In the pic you can see a good example of that. This is a little temple you can find in the gardens of the former Royal Palace, as you enter, at the right hand side.
I tried to enter, but it was closed.
Making Daily Offerings to Monks
In Laos, like all other Theravada Buddhist countries, there is a daily ritual whereby the monks and novices go out on an early morning procession around their temple to collect their day's food offerings from the local devotees. The ritual is more than just symbolic, as monks and novices are not allowed to cook for themselves, and they sustain themselves entirely on the food that they collect each day.

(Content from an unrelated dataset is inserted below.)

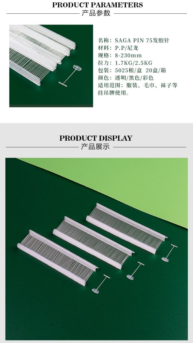 1、比50發(fā)/排膠針多25發(fā)而骨架長度更短,換膠針頻率降低。相對(duì)于精距100發(fā)/排膠針,SAGA PIN能減少操作時(shí)膠針骨架的晃動(dòng),同理降低對(duì)織物的損傷。

Anyone is welcome to take part in the food offering, and so my wife and I got up at sunset one morning in Luang Prabang in order to make our offerings. Most of locals prepare the Lao staple of sticky rice, but not having a means to cook, we simply passed out cookies that we bought at a local market. It may sound funny, but most of the novices are young boys, and they like sweets just as much as any other kid.
My wife says that it was a very moving, spiritual experience for her, but it just reminded me of a bunch of children trick-or-treating on Halloween, that is if every child wore the same Buddhist monk costume.

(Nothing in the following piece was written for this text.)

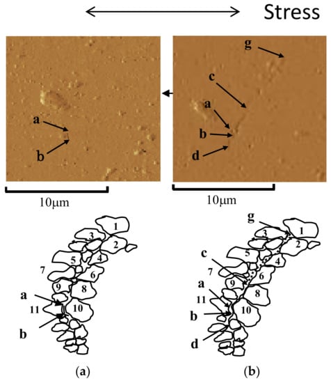 Figure 5a,b show the AFM images for N/Nf = 10% and 31% for specimen P, respectively, where N is the number of stress cycles. The arrangement and shape of the crystal grains near the short cracks are shown at the bottom of each image. The arrangement and shape of these grains were analyzed based on the AFM images and the excitation voltage distribution (as explained in Section 2.3).

Mountain biking is a prime activity in Luang Prabang due to the... well due to the steep jungle mountains surrounding town. There are many ways you can go about arranging a mountain bike excursion from Luang Prabang. You could rent the bike yourself and try to navigate the homogeneous dirt roads passing through practically identical villages without getting lost. It's really not the ideal place to stop and ask for directions.

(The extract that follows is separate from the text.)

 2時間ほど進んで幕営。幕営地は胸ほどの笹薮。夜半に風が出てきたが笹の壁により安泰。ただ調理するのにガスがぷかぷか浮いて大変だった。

The other option is to choose from a plethora of adventure tour companies in Luang Prabang. I opted for a daylong excursion with Green Discovery. I paid $24 and the itinerary included about 3 hours of cross country biking in the morning with stops at a silk and cotton weaving village and the grave of Henri Mouhot (the Frenchman who red-discovered Angkor Wat) before transferring to inflatable kayaks. We kayaked to the Tad Sae waterfall, where we swam and ate lunch for over an hour, and then proceeded to kayak for another two hours to meet up with the truck that transferred us back to town.
The following day I left on a three day tour with White Elephant Adventures. The first day comprised of about 6 hours of cross country biking, with numerous stops in local villages.
I'm usually averse to bikes and the discomfort they cause me in my nether region, but I really enjoyed these trips. The pitches weren't too steep, though the uphills could be strenuous at times, especially in the heat. The scenery of Northern Laos is fantastic, with sharp mountains everywhere and villagers yelling encouragement (at least that what the guides said) along the way.
I road on 9 speed bikes (Gary Fisher and Trek, respectively) on each trip. Everyone got helmets and plenty of water and the guides spoke English well in addition to acting responsibly towards their groups. There were plenty of other non-bikers on both outings and no one had any problems meeting the physical demands. Bring some sunscreen, sunglasses, preferably some kind of wicking material clothing, and a camera. I rode in Tevas, so sneakers aren't necessary.
Tat Sey Waterfalls
The Tat Sey waterfalls are about 25 km out of Luang Prabang so you have to use bikes and get a boat to get to them. A group of us went there for a picnic and did a little bit of swimming in the ponds. The multi-tiered falls are really nice and would be more impressive during or just after the wet season.